Kuiper is a constellation of over 3000 satellites operating in LEO using Ka uplinks and downlinks. This has allowed Prometheus to be applied in the ground segment, not just the remote terminals.
Kuiper is set to launch two satellites in May, 2023. Limp expects that service coverage will be spotty based on latitude until service entry in 2026, with about one-half of the constellation in-orbit. Limp expects application beta testing to begin in 2024. A global licensing campaign is underway.
There are 77 medium-heavy lifts scheduled using Ariane, Vulcan and New Glenn.
Global Constellation Executive Roundtable
Mark Holmes moderated.
Nobody felt enough was being done to address sustainability in space.
Someone mentioned the concern over what revenue and profit margin come from serving those without internet access.

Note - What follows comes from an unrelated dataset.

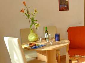 Die Ferienwohnung verfügt über einen Wohnraum mit offener Küche, Essecke mit Tisch und 3 Sesseln, Queensize-Schlafcouch (für 3. Person), SAT-TV und Home-Cinema TV, Radio sowie Panoramafenster mit Blick auf die Küste.

Eva Berneke is CEO of Eutelsat. Demand double-digit growth. Floodgates open when satcom can compete with terrestrial networks. Investment in OneWeb establishes multi-orbit service with existing GEO satellites. LEO has significant latency benefit. Software-defined equipment, flexible satellites driving down cost and speeding time-to-market. Looking towards Gen 2 OneWeb. Government and sovereignty issues are growing, especially watching events in Ukraine. Consumer doesn't care GEO Vs. LEO. Direct-to-Device and consumer broadband are huge markets. Already have telco partners. Starlink is a household name. US forcing 5-year deorbit Vs 25-year address sustainability - Europe needs to drive same.
Mark Dankberg is Chairman of the Board and Executive Chairman of Viasat, Inc. He co-founded the Company in 1986. Growth is in security and serving sovereignty. Much of the unserved demand is actually in metropolitan areas, not rural. Worries about LEO addressing concentrated demand. Watching LEO with interest. Worried about NGSO excessive supply and how interference will drive down efficiency when more than one constellation is in-service. Very concerned over sustainability, especially larger and larger LEO satellites. LEO has to consider landing rights (ground station) in-country to address national interests. Recognizes the benefit of lower latency achievable from LEO. Satcom pricing still needs to come down <I would argue Starlink is competitive>. It all comes down to spectrum. Internet usage CAGR is 20-30%. Service has to expand offering to maintain satisfaction while lower/holding price point. GEO broadcast (multicast, one to many) services are migrating to unicast (one to one).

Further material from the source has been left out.